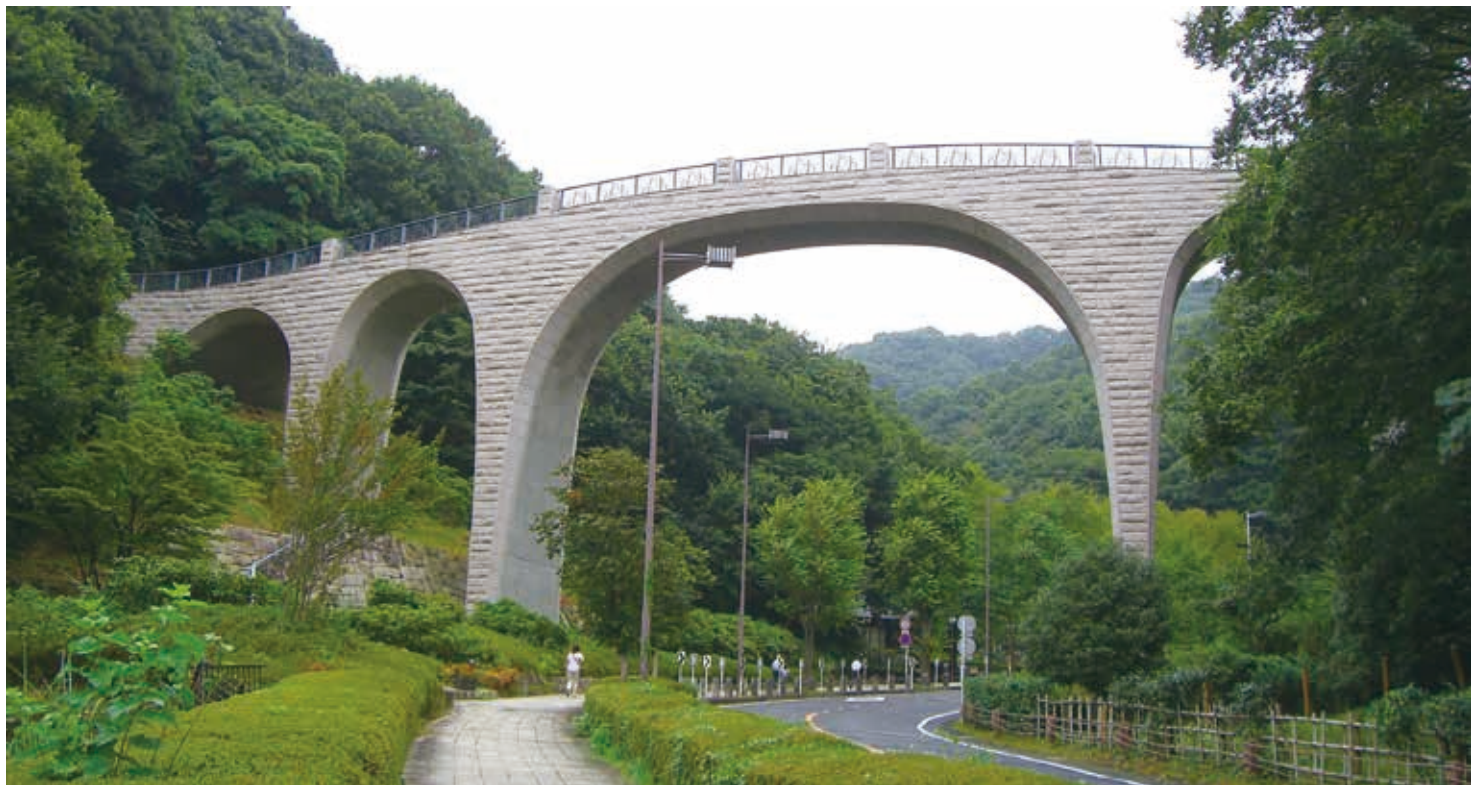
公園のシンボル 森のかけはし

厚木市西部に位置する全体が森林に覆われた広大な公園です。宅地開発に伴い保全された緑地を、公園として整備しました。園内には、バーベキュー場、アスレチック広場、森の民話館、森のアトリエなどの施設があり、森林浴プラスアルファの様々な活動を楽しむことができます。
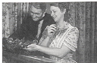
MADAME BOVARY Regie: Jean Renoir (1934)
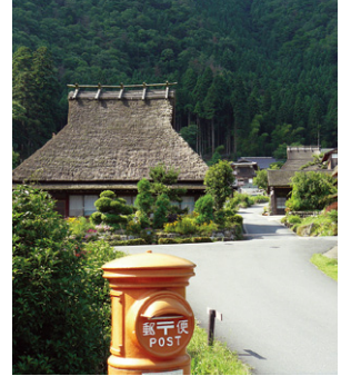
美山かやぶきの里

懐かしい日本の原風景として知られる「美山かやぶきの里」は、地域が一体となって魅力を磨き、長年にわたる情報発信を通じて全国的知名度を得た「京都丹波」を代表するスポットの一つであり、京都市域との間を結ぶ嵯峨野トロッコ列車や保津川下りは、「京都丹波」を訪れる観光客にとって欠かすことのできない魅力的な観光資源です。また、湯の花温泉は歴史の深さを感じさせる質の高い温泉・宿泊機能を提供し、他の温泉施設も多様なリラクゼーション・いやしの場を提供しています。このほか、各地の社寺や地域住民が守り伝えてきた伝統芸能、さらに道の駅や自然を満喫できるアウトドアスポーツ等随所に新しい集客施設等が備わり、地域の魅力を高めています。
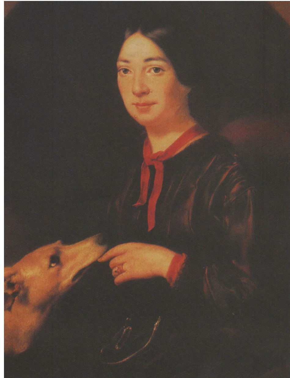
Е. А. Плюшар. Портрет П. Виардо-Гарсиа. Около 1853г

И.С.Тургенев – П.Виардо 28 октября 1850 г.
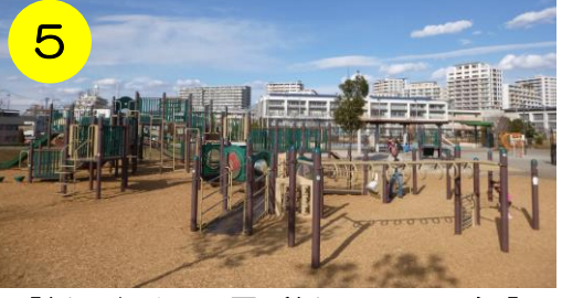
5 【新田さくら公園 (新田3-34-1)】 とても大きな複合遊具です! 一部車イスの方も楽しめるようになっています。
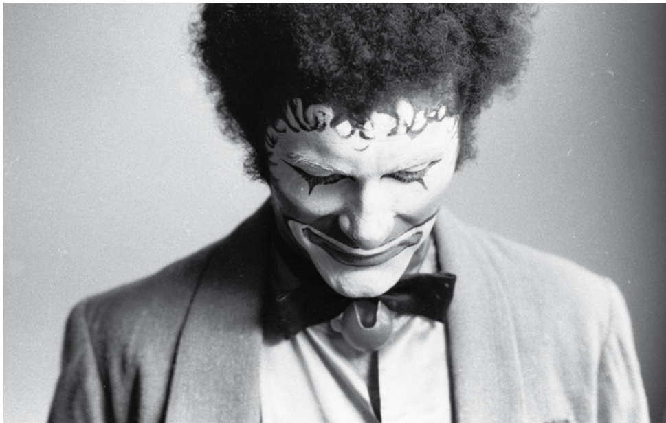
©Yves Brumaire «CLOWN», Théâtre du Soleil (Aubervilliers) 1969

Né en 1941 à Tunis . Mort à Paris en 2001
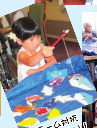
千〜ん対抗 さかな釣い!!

# # # # #

Counting every line that holds the string "Виардо", give the total for the data above and nothing else.

> **EXPECTED ANSWER**: 2